Frank, du drehst mir die Worte im Munde um und das an so vielen Stellen. Was ist los?

Zitat
Ist das so? Ist dein zentraler Gedanke progessive Texte zu schreiben? Oder ist dein zentraler Gedanke gesellschaftskritisch zu schrieben? Was ist die Folge von wem?
Wenn dir jemand sagt, deine Themen und deine Art zu Schreiben ist nicht progressiv, aber gesellschaftskritisch. Fühlt sich das besser für dich an, als wenn es umgekehrt wäre?

Ich habe doch nirgendwo behauptet, dass das mein zentraler Gedanke sei.

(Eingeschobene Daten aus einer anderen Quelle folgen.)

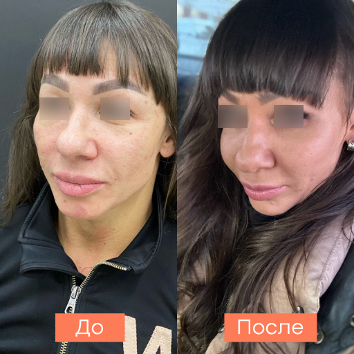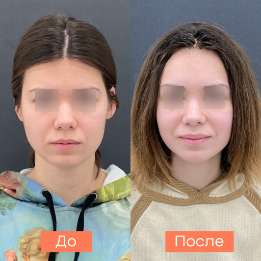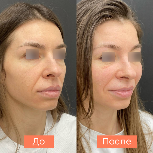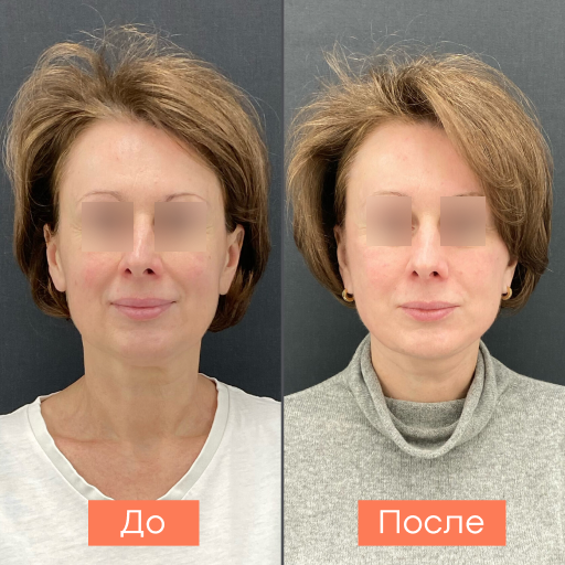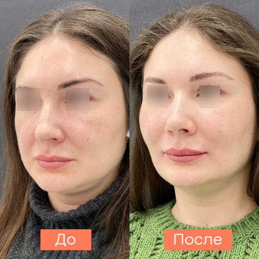 - отсутствие необходимости коррекции уплощения тканей средней зоны лица гиалуроновой кислотой, что создаёт пастозность, утяжеление тканей и деформацию лица ненужными лишними объёмами наполнителя,
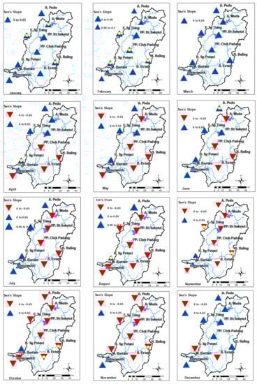 A significant increasing trend in SPI-3 was found at numerous stations in January, February, April, June, and August at a 95% confidence level (Figure 3). For example, the Felda Sungai Tiang station showed a significantly increasing trend in the SPI in January and February. Meanwhile, the Hospital Sungai Petani station demonstrated a significantly increasing trend in February, April, and August, with the magnitudes 0.041, 0.037, and 0.045, respectively. The Hospital Baling and Ampangan Muda stations also showed a significantly increasing trend in January, with SPI magnitude changes of 0.04. Moreover, the MARDI Bertam (0.040) and Pusat Pertanian Charok Padang (0.029) stations had a significantly increasing trend of SPI-3 in February. Most of the stations showed an increasing trend in SPI-3 from January to March. The findings are consistent with the monthly rainfall trend analysis conducted by Tan et al. [52] over the MRB, where increases in monthly rainfall were mainly found during the low-precipitation period, such as January, February, April, and December.
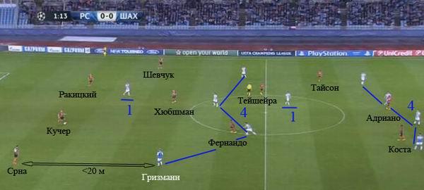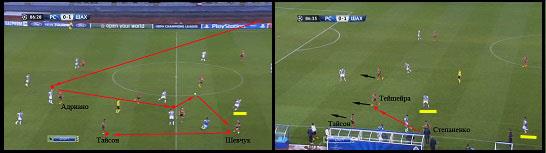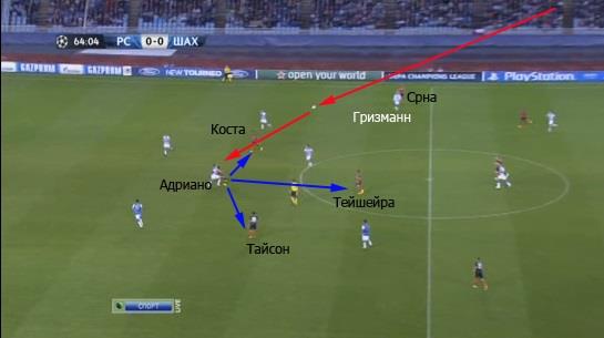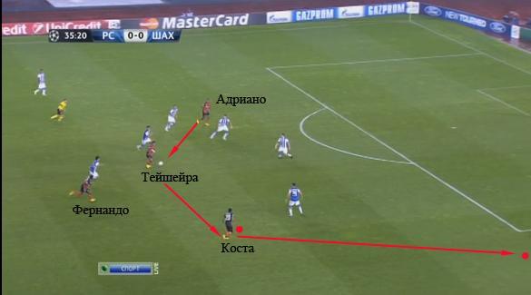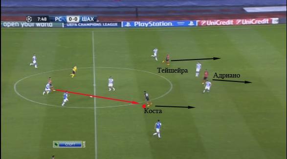 Схема атаки довольно проста: во время передачи Тейшейра отскакивает назад для того, чтобы подобрать «скидку» мяча от Луиса Адриано. Рядом с Алексом находится Дуглас Коста, который также во время передачи отрывается на несколько метров от своего опекуна. Также стоит отметить Фернандо, который в лучших традициях Фернандиньо вбегает из глубины в зону игровых действий. Спустя мгновение Коста переведет мяч на фланг в свободную зону на Срну. Таким образом, помимо рассмотренных дивидендов данного построения, мы получаем еще один положительный момент, который заключается в том, что, стягивая на себя игроков противников перед штрафной, атакующая тройка раскрывает пространство на флангах, в которое могут и должны врываться крайние защитники.
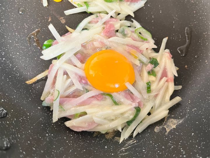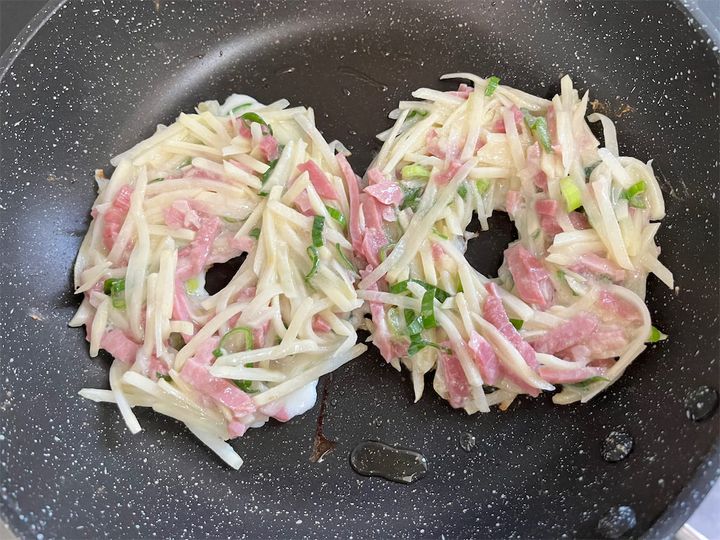 千切りにしたじゃがいもの生地をフライパンの上でドーナツ状にし、真ん中に卵黄を落として焼いていきます。
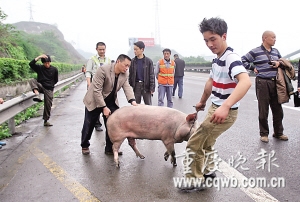 2008年2月26日,渝黔高速路金竹岗隧道,5肥猪“跳车”拦路,一辆奥迪将2头猪撞死,隧道交通中断1小时。
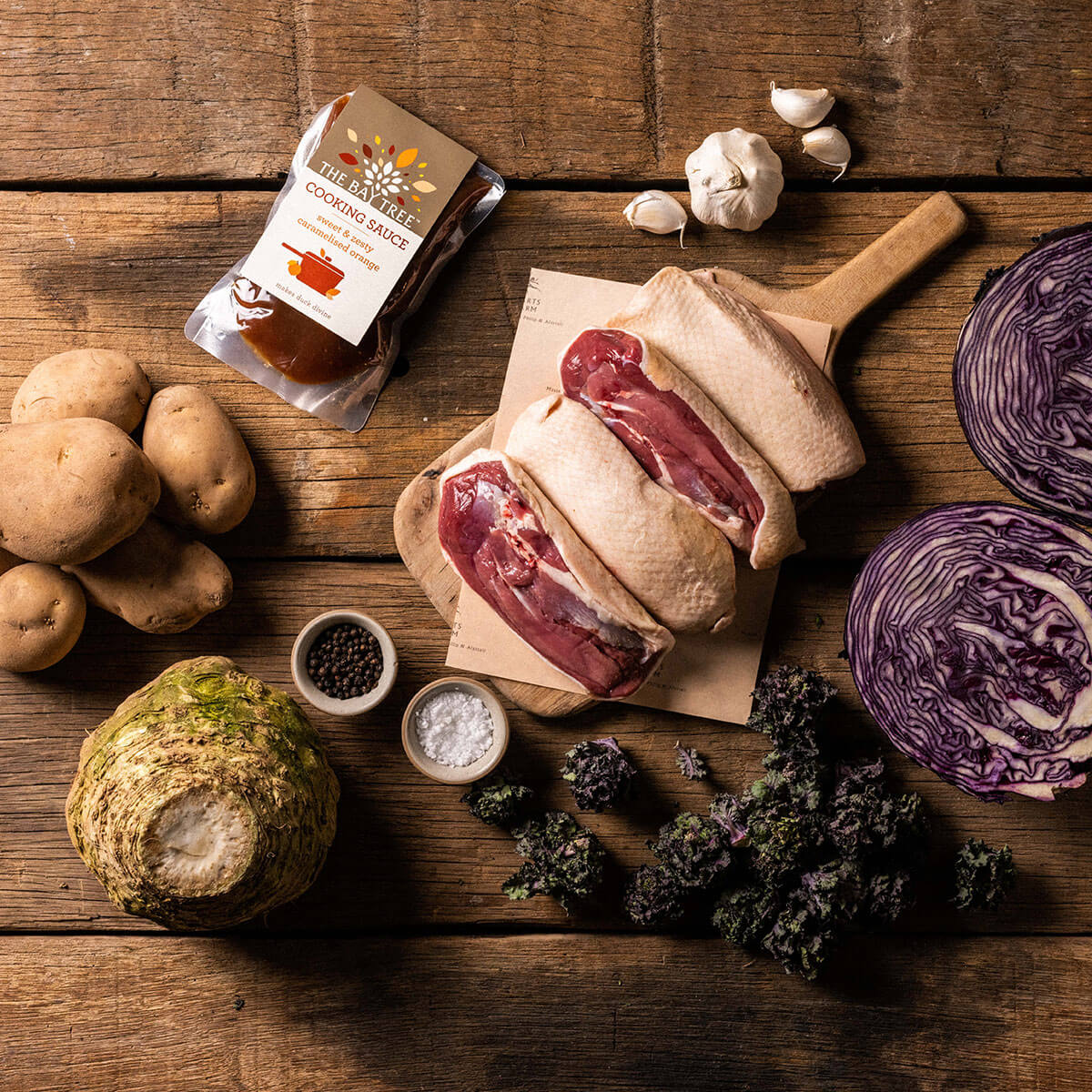 Your 'Beautiful Duck Breast with Seasonal Veg' box will include;

Oder mein zentrales Anliegen (ich nehme an, das war es, was du meinst?). Ansonsten würde ich sagen: Gesellschaftskritik funktioniert in progressive und in traditionalistische oder gar reaktionäre Richtung. Neonazis sind auch gesellschaftskritisch. Aber das ist gar nicht die Richtung, die mir vorschwebt. Insofern: ja bitte, gesellschaftskritisch und progressiv. Natürlich gibt es aber Leute, die meine Texte ganz anders lesen und das ist natürlich auch legitim.

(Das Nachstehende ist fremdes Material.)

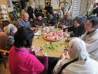 お好きな飲み物を飲まれながら、各テーブル毎にお話しをされたり、手芸をされたりとそれぞれの時間を楽しんでいただけたご様子に、まずは一安心。
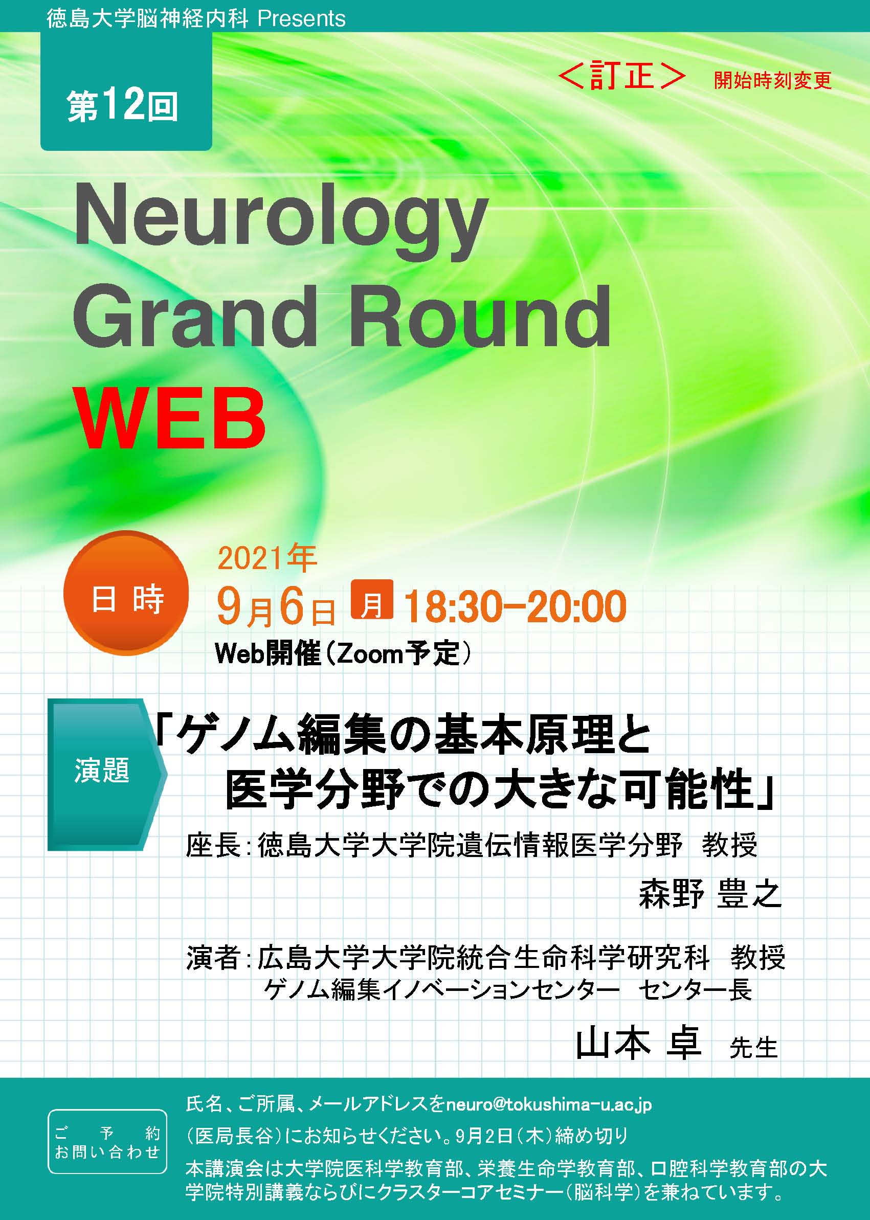 氏名、御所属、メールアドレスを neuro@tokushima-u.ac.jp (医局 長谷)にお知らせください。 2021年9月2日(木)締切。
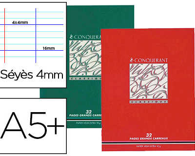 CAHIER CONQUÉRANT CLASSIQUE PIQÛRE ÉCRITURE COUVERTURE VERNIS CARTE COUCHÉE 170X220MM 32F 90G SÉYÈS 4MM 2 COLORIS A5+
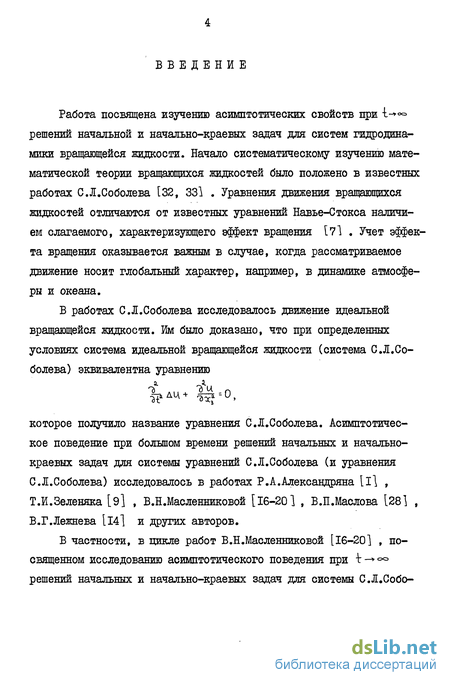 В работах С.Л.Соболева исследовалось движение идеальной вращающейся жидкости. Ш было доказано, что при определенных условиях система идеальной вращающейся жидкости (система С.Л.Соболева) эквивалентна уравнению которое получило название уравнения С.Л.Соболева. Асимптотическое поведение при большом времени решений начальных и начально-краевых задач для системы уравнений С.Л.Соболева (и уравнения С.Л.Соболева) исследовалось в работах Р.А.Александряна [I] , Т.И.Зеленяка [9] , В.Н.Масленниковой [16-20] , В.П.Маслова [28] , В.Г.Лежнева [14] и других авторов.
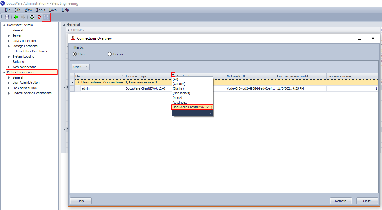 • To find out how many users are currently logged in, filter for "License Type" = "DocuWare Client (...)"
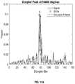 In general, to compensate for the Doppler broadening, the first step is to correctly identify the Doppler peak in the power spectrum from the shot noise background. In a preferred implementation a Finite Impulse Response (FIR) filter, G, is used to smooth the Doppler spectrum producing the dashed trace in each plot. This smoothing helps to integrate the energy over the speckle broadened peak to bring it above the fluctuations in the shot noise background. In a preferred implementation this filter is defined by a radius, r, which sets the number of taps in the filter to be 2r+1 and filter itself as the 1/e half-width of a Gaussian shape as √2 r. After the filter is applied, the Doppler peak is evident as the bin n with the largest power in the dashed trace, provided it is in the Doppler region of interest that exceeds a threshold power level, e.g., the average background noise. Then the K largest points, at bins designated nk, in the original signal (the solid trace) within radius, r, around bin n are chosen for Doppler compensation.

Deine Gedanken zu Erzählen und Träumen leuchten mir ein: an beidem ist das Unbewusste beteiligt. Allerdings habe ich es so verstanden, dass wir hier über Erzählstrukturen sprechen. Und rein strukturell finde ich beide Arten des Erzählens doch sehr verschieden. Oder ich stehe einfach nur auf dem Schlauch und sehe die Ähnlichkeiten nicht. Oder wir haben aneinander vorbeigeredet, weil du den Inhalt meintest und ich die Struktur. Wobei: Wenn es um die Hypothese geht, dass die Struktur unserer Texte zu einem großen Teil ebenso unbewusst entsteht, wie die Struktur von Träumen, dann kann ich da sogar mitgehen. Interessanter Gedanke ... nur in der Überarbeitung wird im besten Falle dann einiges bewusst. Oder nicht? Die interessante Frage ist, inwiefern wir überhaupt Verfügungsgewalt über die Struktur unserer Texte haben.

Zitat
Du findest konservative SF schwer auszuhalten?

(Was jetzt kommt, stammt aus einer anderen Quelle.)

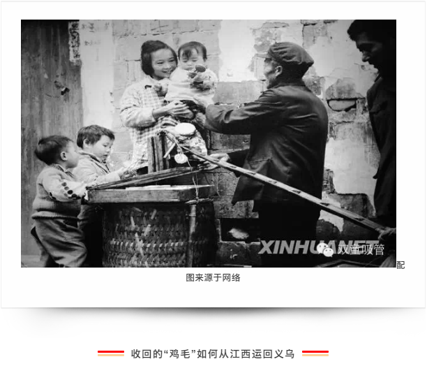 1979年開(kāi)始,我跟隨著(zhù)爸爸在江西弋陽(yáng)開(kāi)始挑貨郎擔,每個(gè)春節能換回來(lái)幾千斤的“雞毛”我們會(huì )把換回來(lái)的“雞毛”暫存在老表家里結束后再用板車(chē)拉到火車(chē)站托運回義烏。
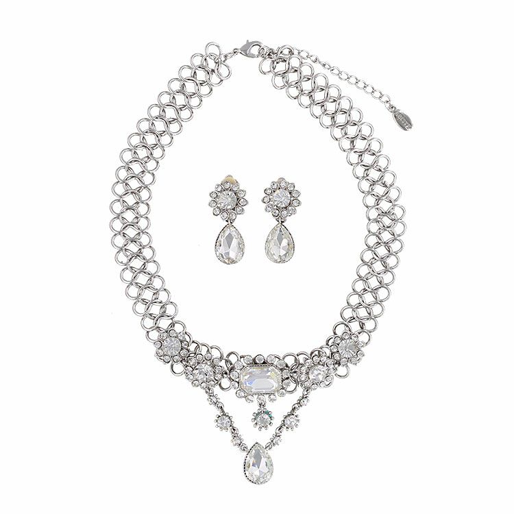 キラキラと煌めくビジューが華やかなショートネックレスとイヤリングのセット。存在感のある大粒のビジューが特別感を演出しています。パーティー、ブライダルジュエリーにふさわしいネックレス・イヤリングセットです。
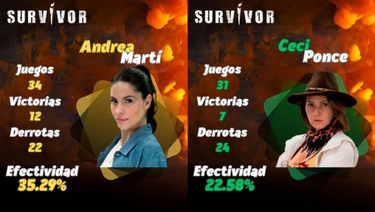 Andrea, a pesar de su esfuerzo, ha estado en riesgo de eliminación en varias ocasiones, cosechando 34 juegos, 12 victorias y 22 derrotas, teniendo un 35.29% porcentaje de efectividad. Mientras que Ceci, con su experiencia previa, no ha logrado destacar en esta edición del reality, con unos números de 31 juegos, siete victorias y 24 derrotas, obteniendo un 22.58% de tasa de rendimiento.
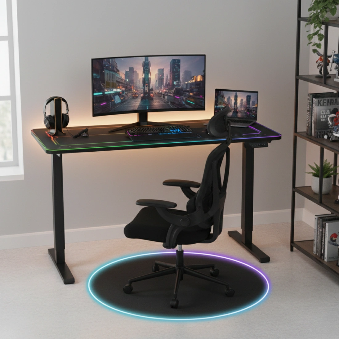 Zestaw sprawdzi się w pokoju gracza, domowym biurze i przy stanowisku do streamingu. Biurko zapewnia szybkie dopasowanie wysokości i efektowny wygląd dzięki RGB, krzesło DORIS 11 wspiera plecy i pozwala ustawić wygodną pozycję na długie godziny, a mata SPB047_RGB chroni podłogę oraz dodaje efektowną poświatę RGB pod stanowiskiem. To komfort, który czuć od pierwszego dnia — i funkcje, które realnie ułatwiają codzienne korzystanie ze stanowiska.

Du-u, Fra-ank ... das habe ich weder gemeint noch geschrieben. Ich schrieb, dass ich den Backlash schwer auszuhalten finde. Das ist schon ein sehr wesentlicher Unterschied.

Ansonsten müssten wir mal schauen, was für Retro-SF du meinst. Ursula K Le Guin? James Tiptree Jr? Douglas Adams? Stanislaw Lem? Alles alt und alles von mir sehr geschätzt, zumindest zum Teil. Aber retro meint eigentlich, dass es jetzt geschrieben wurde, sich aber beim Damals bedient. Und da verstehe ich gar nicht, auf wen du dich beziehst. Und was das mit der Erzählstruktur zu tun hat.  :dontknow: Magst du mich aufklären?